Pros
Amazing company infrastructure, IT department is definitely on the ball in keeping everything running smoothly. All networks, databases, forms are very professional and generally work well. The most paperless company I have ever worked for. Although its effectiveness in practice is debatable, they strive for standardization between all sites. Completely company-sponsored health coverage is nice. Certain team members were particularly outstanding to work with.
Cons
Where to begin? Exhausting, convoluted procedures for completing the simplest tasks. As other reviewers have noted: what takes a split-second anywhere else easily takes minutes, hours, even days if nobody responds promptly to your help ticket. This is frustrating for the employee, yes - but of shocking lack of importance to this company is the impact this has on the resident or applicant!

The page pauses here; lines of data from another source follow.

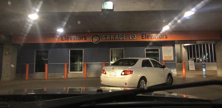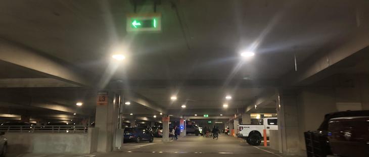 駐車場の頭上には現在の空き状況が示されているので、掲示板の緑の数字がゼロだと満車ということです。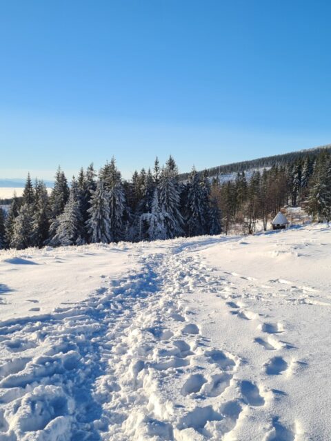 Dla osoby z lękiem wysokości to jedna z najbardziej komfortowych tras, jakie pokonałem zimą. Całkowity brak ekspozycji, spokojne podejścia i leśny charakter szlaku pozwalają w pełni skupić się na marszu, historii i pięknych widokach. Idealny wybór na psychiczny reset.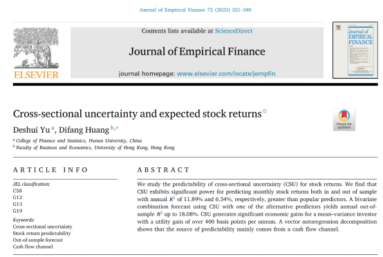 近日,金融与统计线上真人百家乐 金融工程系余得水助理教授的题为“Cross-sectional uncertainty and expected stock returns”的论文在院定A类期刊《Journal of Empirical Finance》,volume 72, June 2023发表。

Expect to be micro-managed like never before. In rare circumstances are on-site staff empowered to make authoritative decisions, almost ensuring a slow response to even urgent concerns. Practically, all this excessive surveillance just serves the function of shifting the chain-of-command. Site managers are more like assistants; assistants are more like leasing - all the real decisions are made off-site. Considering the extensive hiring and training process, there is a surprising lack of value or confidence placed in the employee. Instead of involving the whole team, regionals bee-line for the property manager's office and shut the door behind them. There is a constant feeling of being left in the dark. Very superficial, clique-based office environment - you will not succeed if you cannot (or are unwilling to) mesh with the existing "sorority" culture. Not to over-generalize, there are certainly competent, exemplary employees still working at First Pointe. I would advise readers to take shining reviews of this company, particularly recent ones, with a grain of salt. My belief is that they were motivated by overzealous "yes-men", enraptured (as some have mentioned) by the February conference. I find it interesting to remark, in passing, that a key organizer of that event and figurehead of the Rocklin corporate office has since left the company.